** THE DATA **
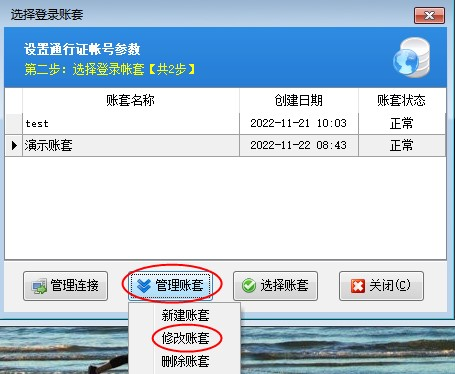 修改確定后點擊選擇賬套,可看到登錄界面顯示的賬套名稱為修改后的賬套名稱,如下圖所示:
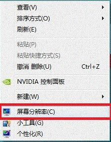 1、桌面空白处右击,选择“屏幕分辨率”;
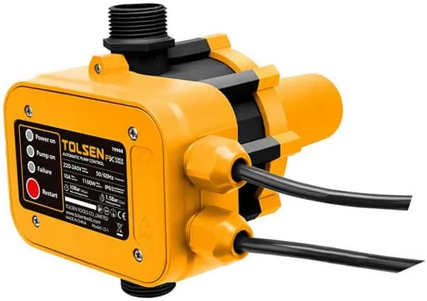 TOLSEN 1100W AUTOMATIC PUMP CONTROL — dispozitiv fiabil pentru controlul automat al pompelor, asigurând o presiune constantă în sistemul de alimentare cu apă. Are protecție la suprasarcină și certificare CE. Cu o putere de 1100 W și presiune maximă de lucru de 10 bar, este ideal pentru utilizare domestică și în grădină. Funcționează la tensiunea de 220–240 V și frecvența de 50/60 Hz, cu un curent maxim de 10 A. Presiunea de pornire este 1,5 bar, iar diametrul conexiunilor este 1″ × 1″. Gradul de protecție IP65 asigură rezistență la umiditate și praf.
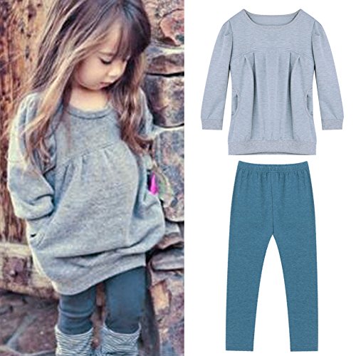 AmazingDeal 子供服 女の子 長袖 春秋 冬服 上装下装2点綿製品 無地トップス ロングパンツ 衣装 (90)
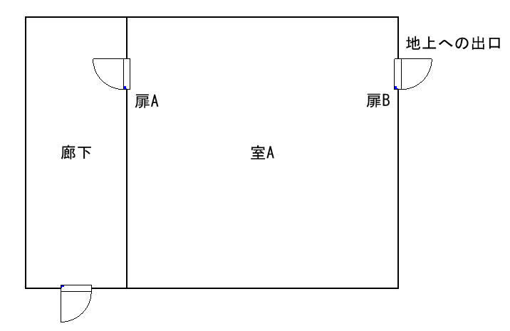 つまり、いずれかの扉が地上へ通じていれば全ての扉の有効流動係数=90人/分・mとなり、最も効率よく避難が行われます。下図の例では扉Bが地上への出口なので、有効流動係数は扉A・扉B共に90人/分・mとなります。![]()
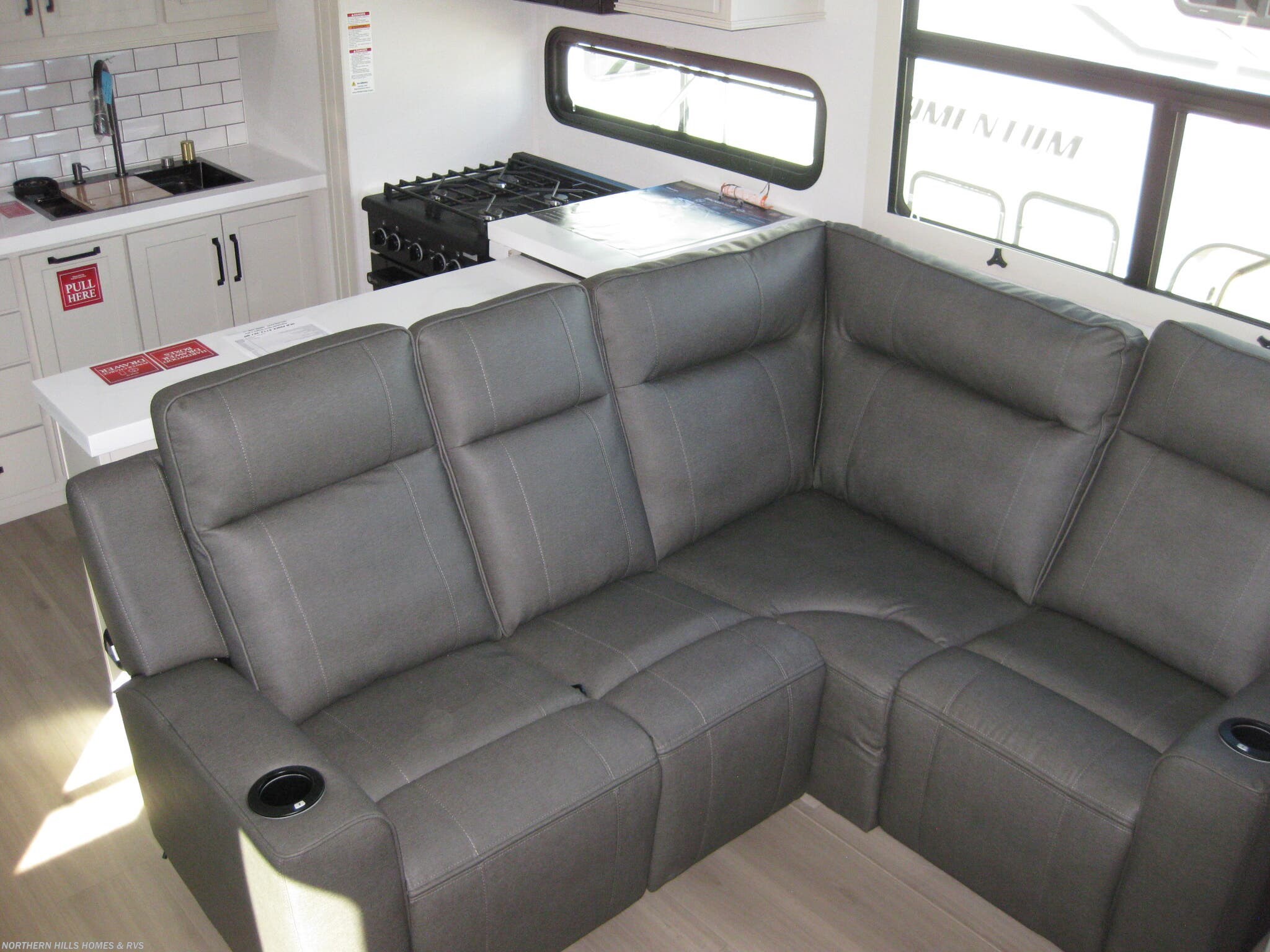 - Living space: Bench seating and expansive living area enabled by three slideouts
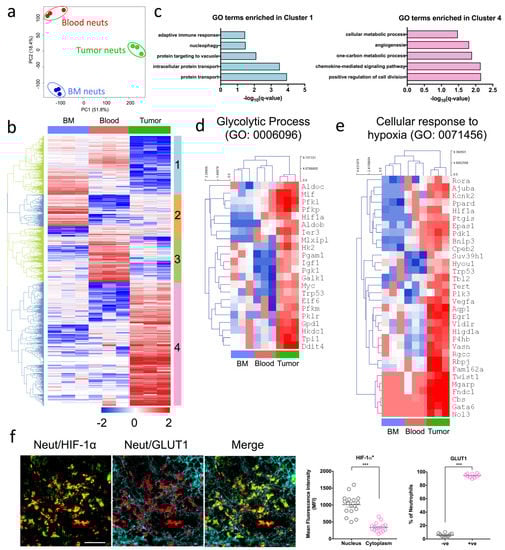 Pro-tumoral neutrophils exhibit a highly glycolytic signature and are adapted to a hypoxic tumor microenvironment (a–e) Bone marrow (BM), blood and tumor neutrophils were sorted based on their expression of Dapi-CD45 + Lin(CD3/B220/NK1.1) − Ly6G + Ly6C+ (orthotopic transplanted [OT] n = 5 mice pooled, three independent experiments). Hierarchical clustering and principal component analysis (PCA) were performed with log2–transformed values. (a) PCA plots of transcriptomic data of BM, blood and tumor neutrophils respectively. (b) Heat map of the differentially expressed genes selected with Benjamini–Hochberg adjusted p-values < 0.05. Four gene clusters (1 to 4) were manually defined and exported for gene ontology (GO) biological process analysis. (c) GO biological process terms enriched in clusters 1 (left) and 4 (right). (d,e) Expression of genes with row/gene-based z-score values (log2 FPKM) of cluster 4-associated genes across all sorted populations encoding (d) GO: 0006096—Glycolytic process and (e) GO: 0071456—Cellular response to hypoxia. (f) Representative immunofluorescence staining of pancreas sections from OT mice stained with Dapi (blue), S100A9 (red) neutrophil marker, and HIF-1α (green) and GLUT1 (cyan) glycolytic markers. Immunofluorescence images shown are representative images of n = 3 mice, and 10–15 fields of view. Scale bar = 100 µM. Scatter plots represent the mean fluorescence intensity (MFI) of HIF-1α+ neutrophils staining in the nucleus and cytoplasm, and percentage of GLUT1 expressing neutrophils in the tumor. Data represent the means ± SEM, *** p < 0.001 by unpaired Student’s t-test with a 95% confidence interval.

** WHAT YOU SHOULD DO **
Reprint the data verbatim, pictures excluded.

** WRITTEN ANSWER **
 修改確定后點擊選擇賬套,可看到登錄界面顯示的賬套名稱為修改后的賬套名稱,如下圖所示:
 1、桌面空白处右击,选择“屏幕分辨率”;
 TOLSEN 1100W AUTOMATIC PUMP CONTROL — dispozitiv fiabil pentru controlul automat al pompelor, asigurând o presiune constantă în sistemul de alimentare cu apă. Are protecție la suprasarcină și certificare CE. Cu o putere de 1100 W și presiune maximă de lucru de 10 bar, este ideal pentru utilizare domestică și în grădină. Funcționează la tensiunea de 220–240 V și frecvența de 50/60 Hz, cu un curent maxim de 10 A. Presiunea de pornire este 1,5 bar, iar diametrul conexiunilor este 1″ × 1″. Gradul de protecție IP65 asigură rezistență la umiditate și praf.
 AmazingDeal 子供服 女の子 長袖 春秋 冬服 上装下装2点綿製品 無地トップス ロングパンツ 衣装 (90)
 つまり、いずれかの扉が地上へ通じていれば全ての扉の有効流動係数=90人/分・mとなり、最も効率よく避難が行われます。下図の例では扉Bが地上への出口なので、有効流動係数は扉A・扉B共に90人/分・mとなります。![]()
 - Living space: Bench seating and expansive living area enabled by three slideouts
 Pro-tumoral neutrophils exhibit a highly glycolytic signature and are adapted to a hypoxic tumor microenvironment (a–e) Bone marrow (BM), blood and tumor neutrophils were sorted based on their expression of Dapi-CD45 + Lin(CD3/B220/NK1.1) − Ly6G + Ly6C+ (orthotopic transplanted [OT] n = 5 mice pooled, three independent experiments). Hierarchical clustering and principal component analysis (PCA) were performed with log2–transformed values. (a) PCA plots of transcriptomic data of BM, blood and tumor neutrophils respectively. (b) Heat map of the differentially expressed genes selected with Benjamini–Hochberg adjusted p-values < 0.05. Four gene clusters (1 to 4) were manually defined and exported for gene ontology (GO) biological process analysis. (c) GO biological process terms enriched in clusters 1 (left) and 4 (right). (d,e) Expression of genes with row/gene-based z-score values (log2 FPKM) of cluster 4-associated genes across all sorted populations encoding (d) GO: 0006096—Glycolytic process and (e) GO: 0071456—Cellular response to hypoxia. (f) Representative immunofluorescence staining of pancreas sections from OT mice stained with Dapi (blue), S100A9 (red) neutrophil marker, and HIF-1α (green) and GLUT1 (cyan) glycolytic markers. Immunofluorescence images shown are representative images of n = 3 mice, and 10–15 fields of view. Scale bar = 100 µM. Scatter plots represent the mean fluorescence intensity (MFI) of HIF-1α+ neutrophils staining in the nucleus and cytoplasm, and percentage of GLUT1 expressing neutrophils in the tumor. Data represent the means ± SEM, *** p < 0.001 by unpaired Student’s t-test with a 95% confidence interval.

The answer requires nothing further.